Романтический, тоже в тужурке, Александр Городницкий читает о взрослой ревности и измене, и комсомольцы в его стихах уже готовы бодаться, как козлики или бычки (передние три ряда да и все последующие напрягаются: как он решит эту полузапретную тему), но “коду” выводит поэт инфантильную, пуская малышовые кораблики:
а что девчонки? Только плакать
да жаловаться мастера.
Шумно, как всегда перед выступлением, шмыгнув носом, Агеев прочитал тоже что-то любовное в народном, некрасовско-есенинском стиле. Называлось это снижающе, но прочувствованно: “Кобыла”.
Не совсем подходящее к его рыночно-площадному стилю, слишком филармоническое название “Зимняя сюита” выбрал для своего цикла стихов о замерзших ушах влюбленного, спешащего на свидание, Горбовский. И не горняк, но – свой! А прочитал – эффектно, переведя внимание зала на быт и на юмор.
В целом выступление проходило удачно, и Семенов, желая, видимо, подкрепить это чувство реакцией живого и дышащего собрания, предложил выступить слушателям с их оценкой.

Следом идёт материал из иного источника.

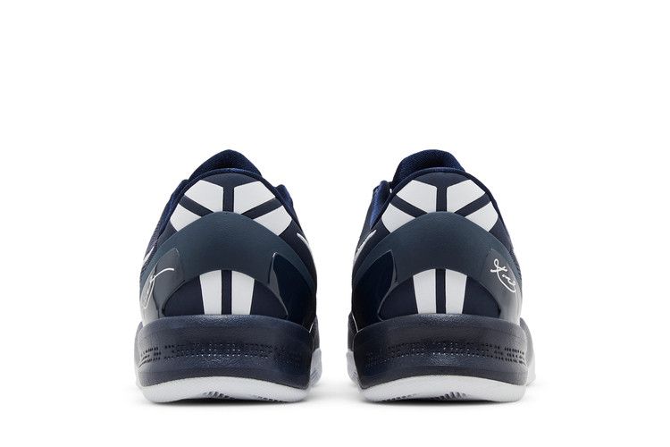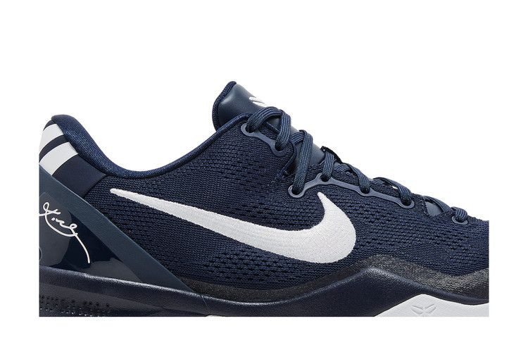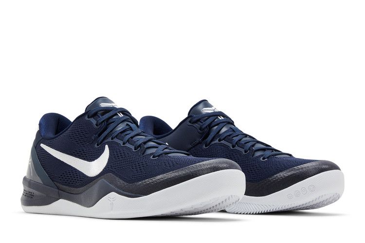 The Nike Kobe 8 Protro 'College Navy' is crafted from navy engineered mesh with contrasting white accents. They include an embroidered Swoosh and Kobe Bryant's sheath logo on the tongue and back heel. In terms of performance, a drop-in React foam midsole offers lightweight cushioning with every step. An exposed carbon fiber shank plate provides midfoot stability, while a herringbone-pattern rubber outsole yields stop-and-go traction.

Тут-то “Боженька” Хромов и вылез на сцену:
– Горняки! Геологоразведчики! Я не слышу стука геологических молотков в ваших стихах! Где в них – романтика труда? Где – находки и образцы редкоземельных элементов и руд? Где самородки?! – застучал он по кафедре кулаком. Перстень на его руке делал этот звук особенно резким.

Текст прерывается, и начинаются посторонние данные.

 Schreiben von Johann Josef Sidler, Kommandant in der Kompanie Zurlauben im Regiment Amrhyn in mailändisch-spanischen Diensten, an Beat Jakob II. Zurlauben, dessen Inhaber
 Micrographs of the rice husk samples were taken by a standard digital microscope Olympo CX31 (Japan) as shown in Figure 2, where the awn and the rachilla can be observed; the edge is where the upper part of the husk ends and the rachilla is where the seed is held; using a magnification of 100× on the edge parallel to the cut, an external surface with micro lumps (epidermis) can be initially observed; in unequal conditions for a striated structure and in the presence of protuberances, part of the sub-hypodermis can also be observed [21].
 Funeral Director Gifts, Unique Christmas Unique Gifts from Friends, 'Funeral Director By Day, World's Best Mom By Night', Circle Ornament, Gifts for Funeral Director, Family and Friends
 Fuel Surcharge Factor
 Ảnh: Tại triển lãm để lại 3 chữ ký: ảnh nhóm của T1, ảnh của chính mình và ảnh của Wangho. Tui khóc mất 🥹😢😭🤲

– Лишаю вac слова! Если вам не нравится – уходите! – аж заверещал на него Глеб Семенов от неожиданности. Он, как наседка, защищал свой выводок, свое коллективное детище, но не от Хромова, конечно, а от идеологической комиссии, сидящей тут же. Зал загудел. Первые три ряда, наоборот, выжидательно замерли.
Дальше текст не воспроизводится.